[[ MATERIALS PROVIDED, beginning ]]
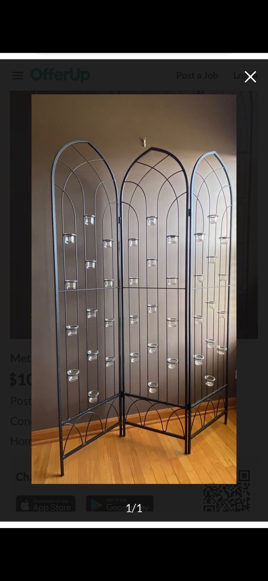MAKE ME AN OFFER!!! IRON WITH BLACK FINISH 3 PANEL ROOM DIVIDER 39 GLASS CANDLE CUPS HOLD TEA LIGHTS 70” TALL x 54” WIDE WHEN EXTENDED. LOOKS BEAUTIFUL AT NIGHT WHEN ALL THE CANDLES ARE LIT. BARELY USED. HAS BEEN IN STORAGE CASH ONLY—-PICK UP ONLY
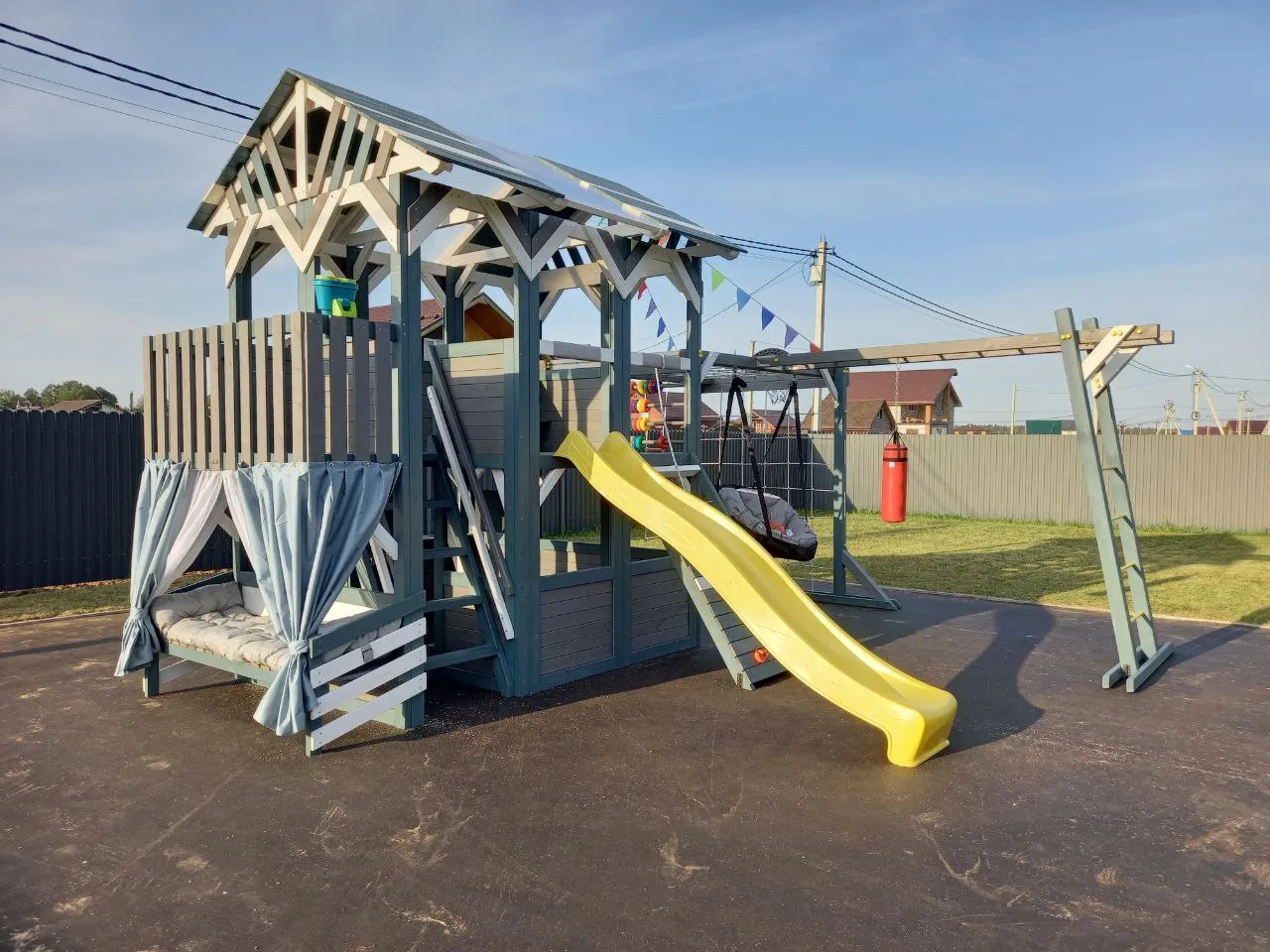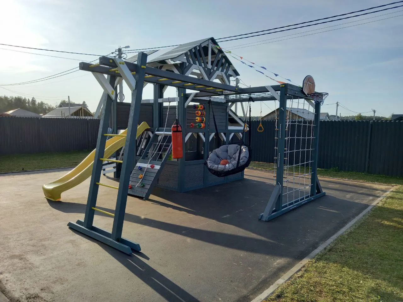 - Глубокая песочница 1,7×0,8 м — для замков и куличей мечты.
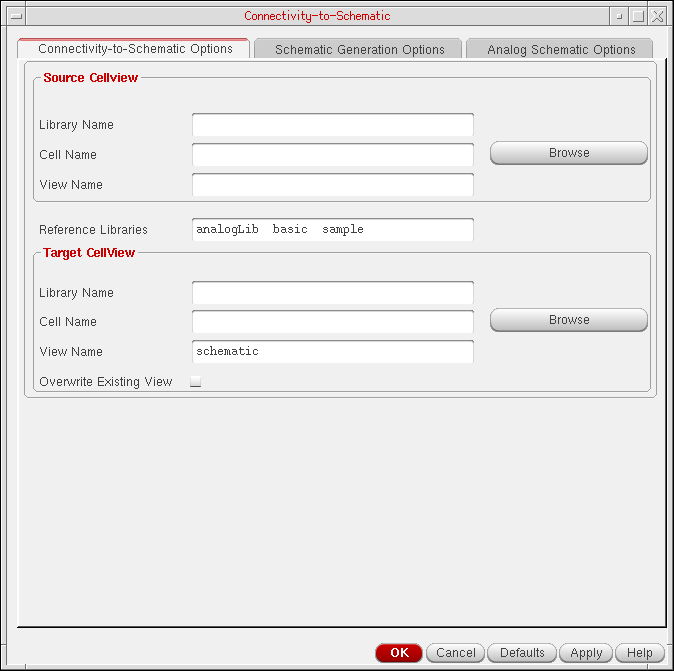 - Specify the names of a source library, source cell, and source view in the appropriate fields on Connectivity-to-Schematic Options tab.
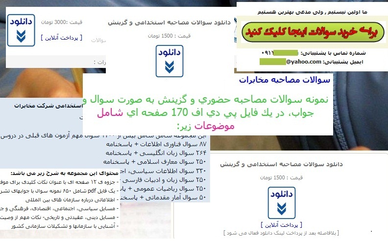 گفتنی است برخی سایتها که ادعا میکنند سوالات اصلی مصاحبهی استخدامی مخابرات را در اختیار دارند (!)، آن را به قیمت بالاتر از 1500 تومان هم میفروشند.
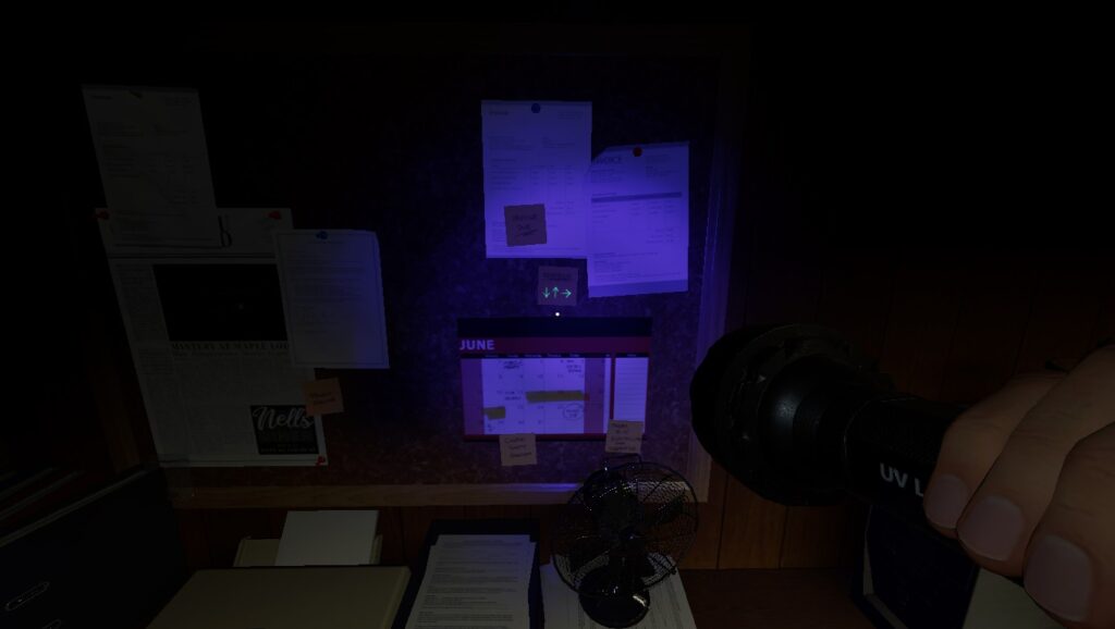 金庫の上にコルクボードがあるのですが、「紫外線(UVライト)」を使うと・・・。
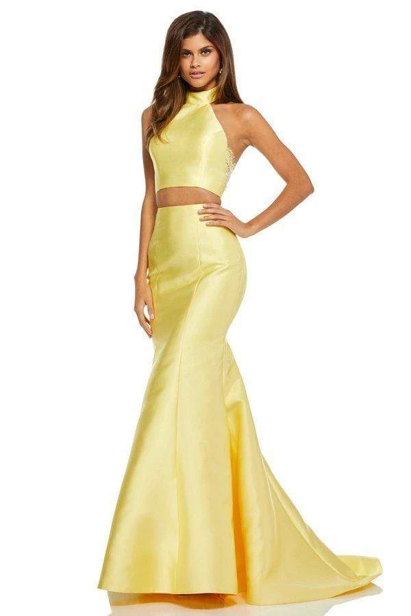 Turn heads instantly when you wear this figure-flattering dress by Sherri Hill 52579. This two piece mikado dress shows off a sleeveless, high halter neckline with crop top styled with lace appliques and an open back. The skirt tapers at the thighs and flares at the bottom to a sweep train finish. Feel dainty and feminine in this enchantingly designed dress by Sherri Hill.
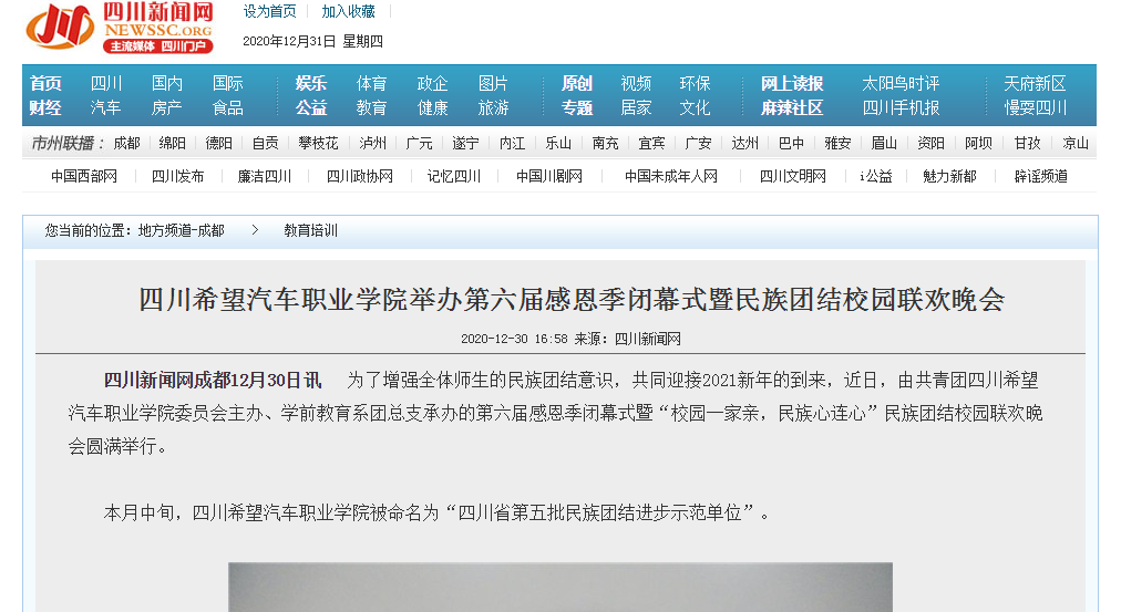 四川新闻网 | 四川希望汽车职业学院举办第六届感恩季闭幕式暨民族团结校园联欢晚会
[[ MATERIALS PROVIDED, end ]]
Restate the records above verbatim. Pictures stay out.

MAKE ME AN OFFER!!! IRON WITH BLACK FINISH 3 PANEL ROOM DIVIDER 39 GLASS CANDLE CUPS HOLD TEA LIGHTS 70” TALL x 54” WIDE WHEN EXTENDED. LOOKS BEAUTIFUL AT NIGHT WHEN ALL THE CANDLES ARE LIT. BARELY USED. HAS BEEN IN STORAGE CASH ONLY—-PICK UP ONLY
 - Глубокая песочница 1,7×0,8 м — для замков и куличей мечты.
 - Specify the names of a source library, source cell, and source view in the appropriate fields on Connectivity-to-Schematic Options tab.
 گفتنی است برخی سایتها که ادعا میکنند سوالات اصلی مصاحبهی استخدامی مخابرات را در اختیار دارند (!)، آن را به قیمت بالاتر از 1500 تومان هم میفروشند.
 金庫の上にコルクボードがあるのですが、「紫外線(UVライト)」を使うと・・・。
 Turn heads instantly when you wear this figure-flattering dress by Sherri Hill 52579. This two piece mikado dress shows off a sleeveless, high halter neckline with crop top styled with lace appliques and an open back. The skirt tapers at the thighs and flares at the bottom to a sweep train finish. Feel dainty and feminine in this enchantingly designed dress by Sherri Hill.
 四川新闻网 | 四川希望汽车职业学院举办第六届感恩季闭幕式暨民族团结校园联欢晚会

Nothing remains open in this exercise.